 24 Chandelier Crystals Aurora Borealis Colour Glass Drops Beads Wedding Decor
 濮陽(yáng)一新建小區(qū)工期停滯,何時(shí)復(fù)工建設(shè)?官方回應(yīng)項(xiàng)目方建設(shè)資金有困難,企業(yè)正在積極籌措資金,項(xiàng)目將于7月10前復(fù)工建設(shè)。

* * *

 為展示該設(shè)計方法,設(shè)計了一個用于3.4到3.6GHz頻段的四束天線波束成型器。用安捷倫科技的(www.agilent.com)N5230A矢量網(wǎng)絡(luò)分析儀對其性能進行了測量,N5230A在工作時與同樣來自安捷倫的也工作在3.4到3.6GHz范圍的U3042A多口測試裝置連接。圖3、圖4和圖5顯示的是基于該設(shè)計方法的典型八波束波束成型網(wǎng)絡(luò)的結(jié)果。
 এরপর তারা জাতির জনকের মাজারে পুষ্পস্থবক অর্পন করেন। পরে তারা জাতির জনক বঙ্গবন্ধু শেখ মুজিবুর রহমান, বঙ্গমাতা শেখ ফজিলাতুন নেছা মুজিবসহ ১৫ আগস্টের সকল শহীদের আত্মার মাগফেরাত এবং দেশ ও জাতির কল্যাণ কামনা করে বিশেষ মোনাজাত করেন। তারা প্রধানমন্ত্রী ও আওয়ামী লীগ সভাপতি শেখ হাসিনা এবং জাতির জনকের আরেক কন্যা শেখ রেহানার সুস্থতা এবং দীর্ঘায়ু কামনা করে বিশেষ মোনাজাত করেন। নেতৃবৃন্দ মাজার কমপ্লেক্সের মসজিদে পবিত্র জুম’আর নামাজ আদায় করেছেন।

[WHAT TO WORK ON]: Set down again, word for word, the stretch of records from the line with "24 Chandelier Crystals" to the line with "濮陽(yáng)一新建小區(qū)工期停", both of those lines included.

[REPLY TO THE TASK]:
 24 Chandelier Crystals Aurora Borealis Colour Glass Drops Beads Wedding Decor
 濮陽(yáng)一新建小區(qū)工期停滯,何時(shí)復(fù)工建設(shè)?官方回應(yīng)項(xiàng)目方建設(shè)資金有困難,企業(yè)正在積極籌措資金,項(xiàng)目將于7月10前復(fù)工建設(shè)。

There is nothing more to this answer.